Refik Anadol: creating narratives where art, science and technology collide
Step into the mind-bending world of Refik Anadol, a media artist and director who merges art, science, and technology to create groundbreaking immersive installations that challenge our perception of space and time. From partnering with tech giants to harnessing the power of AI in public art, Anadol's visionary work has captivated audiences worldwide.
Refik Anadol is a media artist and director. He currently resides in Los Angeles, California, where he owns and operates Refik Anadol Studio. Anadol is also a lecturer and researcher for UCLA’s Department of Design Media Arts from which he obtained his Master of Fine Arts. Commenting on how his artistic career has started, Anadol says “As a teenager I was very inspired by the science-fiction movie «Bladerunner». Eventually William Gibson, Philip K. Dick, Carl Sagan and all those heroes inspired me. I always had a very wide range of interests. Neuroscience and science fiction, AI world were always very inspiring for me, but I didn’t know how to enter this universe. Thirteen years ago I did my first project in Istanbul. It was the moment when I started using data in my work. Back then it was very well received. In 2014 I opened a studio, unifying a team of neuroscientists, AI-engineers, data scientists, architects, visual designers, computer graphic experts. In 2014-2015 we created many pioneering data sculptures and data paintings. Since 2011 I never stopped innovating and finding new ways of reinventing”.

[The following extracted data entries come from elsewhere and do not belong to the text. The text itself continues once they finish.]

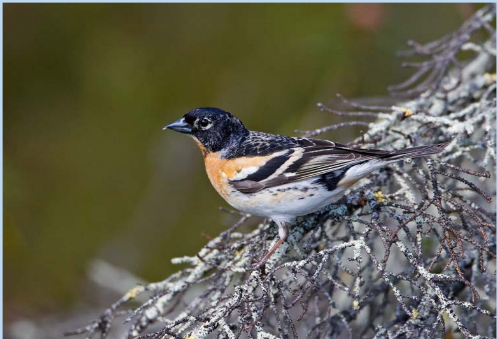
Figure 8. Brambling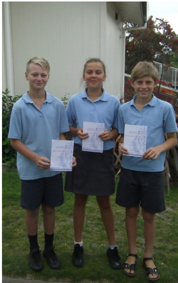
Winning House - Liston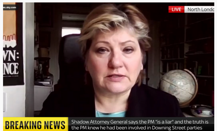
Sky News, 19 May

I've been appearing in the media driving the message home that politicians are not all the same and that Boris Johnson must resign over his barefaced lies to the public.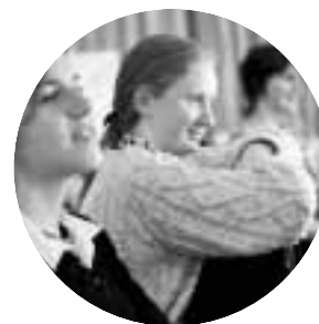
Faith Matters Conference, Scotland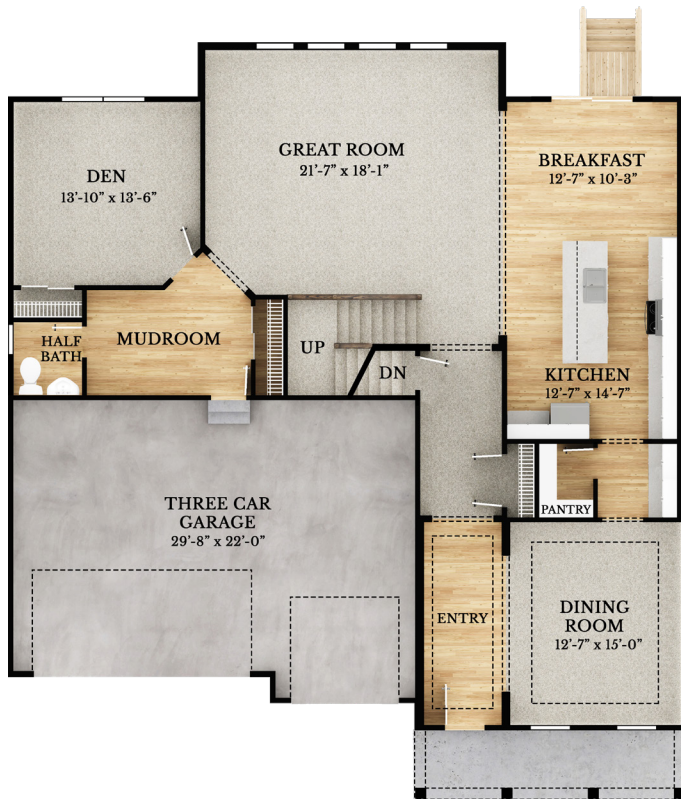
FIRST FLOOR BASE WITH 3-CAR GARAGE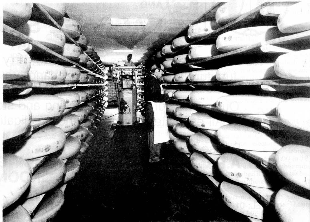
Cheese-makers make their daily rounds in the storage cellars to check the loaves

A pioneer in his field, and the first to use artificial intelligence in a public artwork, Anadol has partnered with teams at Microsoft, Google (Artist and Machine Intelligence), Nvidia, JPL/NASA, Intel, IBM, Siemens and Epson, to apply the latest, cutting-edge science and technologies to his work. Anadol’s site-specific audio/visual performances have been featured at iconic landmarks, museums and festivals worldwide, such as Walt Disney Concert Hall, Hammer Museum, International Digital Arts Biennial Montreal, Ars Electronica Festival , l’Usine | Genève, Arc De Triomf, Zollverein | SANAA’s School of Design Building, santralistanbul Contemporary Art Center, Outdoor Vision Festival, Istanbul Design Biennial, Sydney City Art, and Lichtrouten, among many others.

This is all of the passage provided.